We really don't think about what this does to people victimized by that. There's no space for victims to really reclaim agency over their own stories and tell them their own way. Social media especially exasperates that when everyone with an account can come down on someone victimized and ask them all these terrible prying questions because that horrible thing that happened to someone is now a talking point. I don't think there's quite a word to describe what it's like to watch all these strangers openly talk about the horrible thing that happened to you, speculate about all the ways it's your fault or that you're a liar, and see those conversations get actual honest to god engagement. It's all just entertainment. The people participating move on with their lives. You stay stuck in that, so it's kind of like an extension of the horrible thing that already happened to you. It's a culture.

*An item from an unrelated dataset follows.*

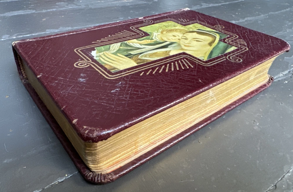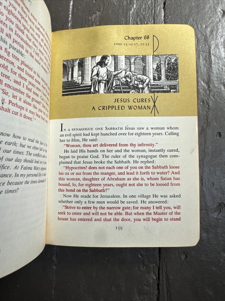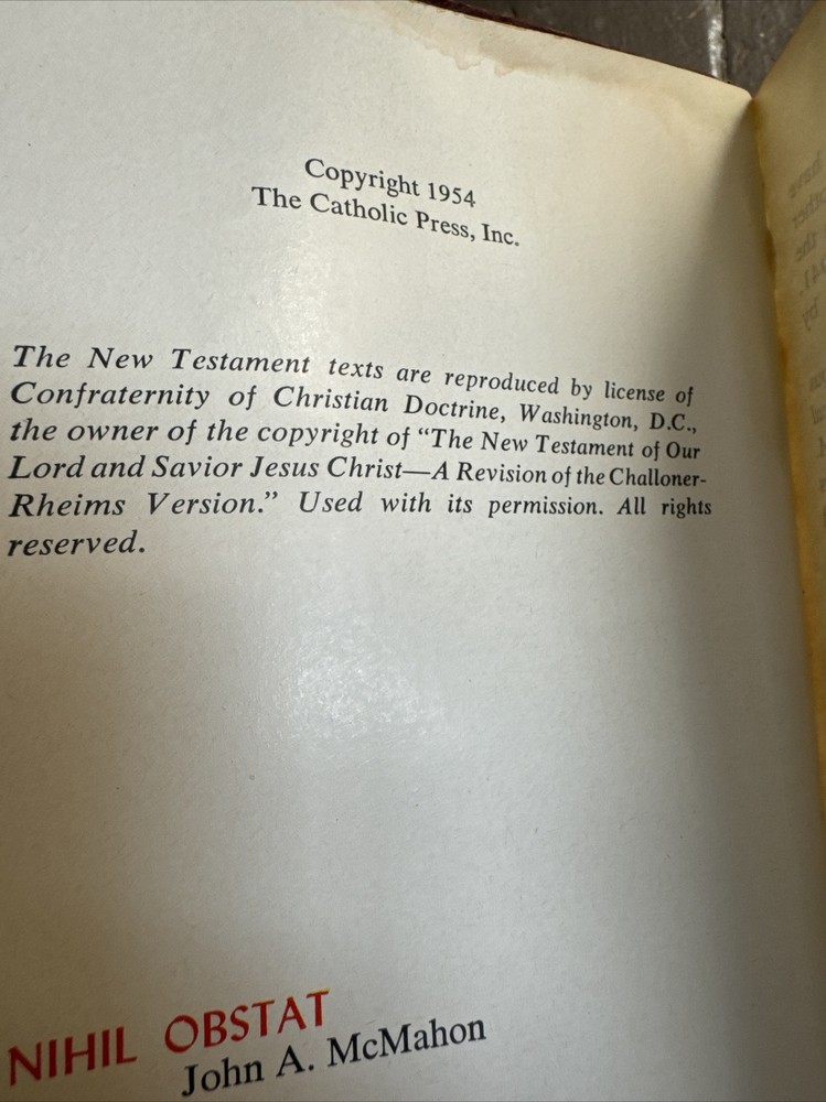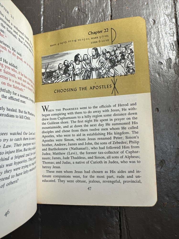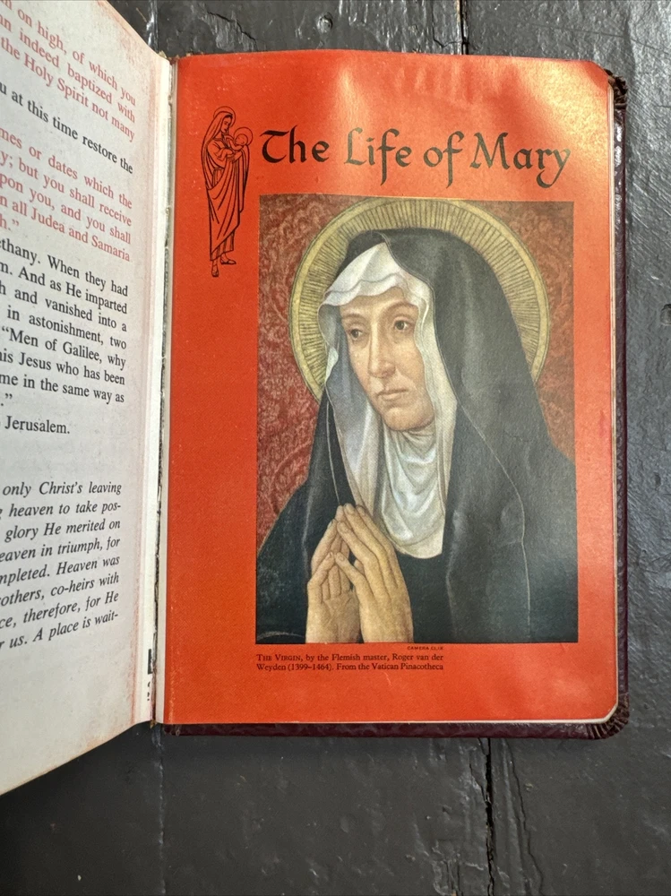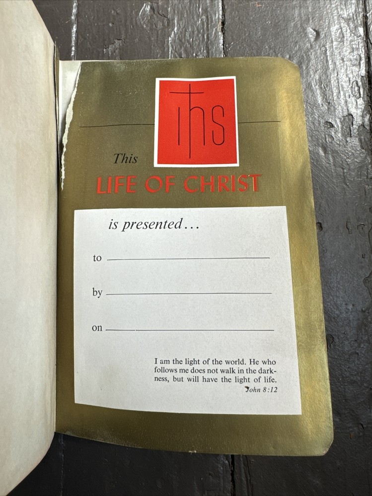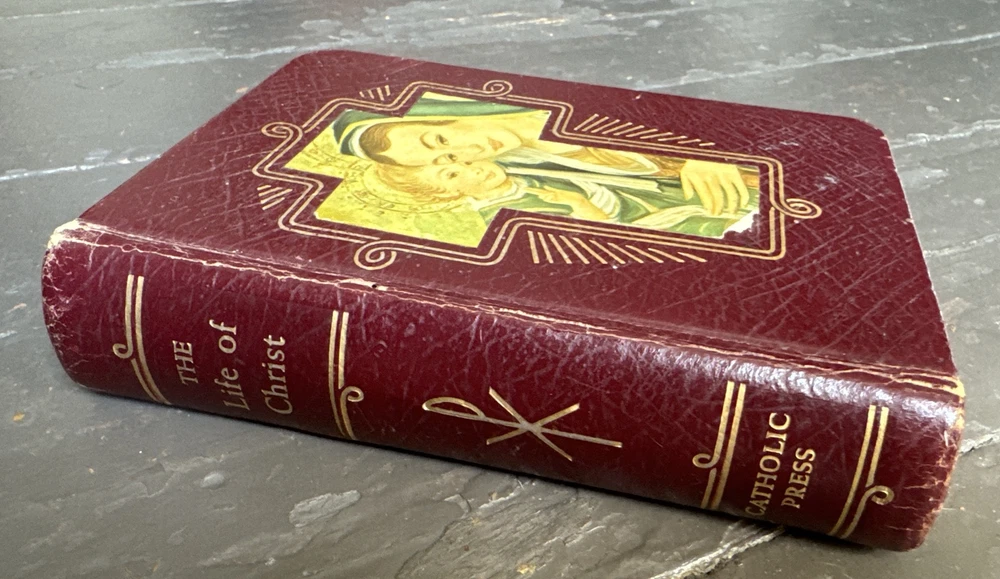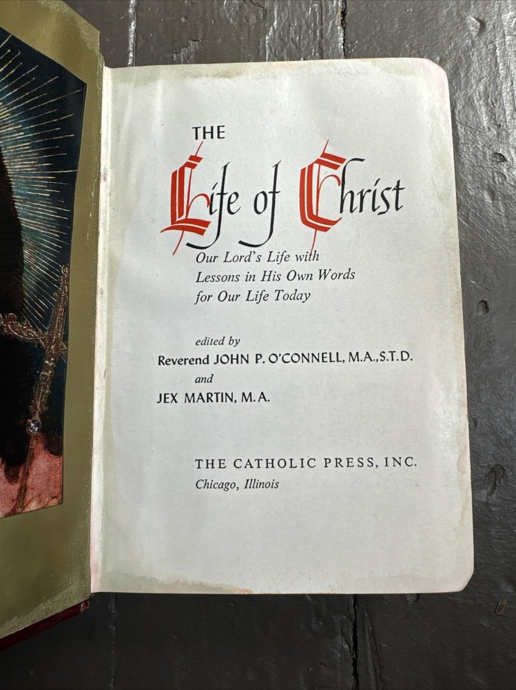 The Life of Christ published by The Catholic Press in 1954 Red leather hardcover. 304 pages + Life of Mary section. Many full color illustrations. Condition: some age and shelf wear. Tear to dedication page. Pages remain crisp overall. See pictures. Shipped for FREE with USPS Media Mail.

When you experience that for yourself it's really hard to look at all these documentaries about serial killers, or TV shows glorifying certain brands of violence (sorry for sounding Like That), without seeing a little of what happened to you in it.

So, all that said, it drives me up the wall when people brush off games that deal with the artist's personal trauma as "just one of those trauma games." Like, we have a right to talk about it too; it's reduced to entertainment in literally every other facet of society. As clumsy as these modes of personal expression may be, there's an element to taking your own power back. It's about building empathy, understanding, compassion, and rejecting the type of society that works so hard to destroy victims while defending the abusers.

That's what these types of personal autobiographical games mean to me, and it's what I'm trying to bring to BlueSuburbia.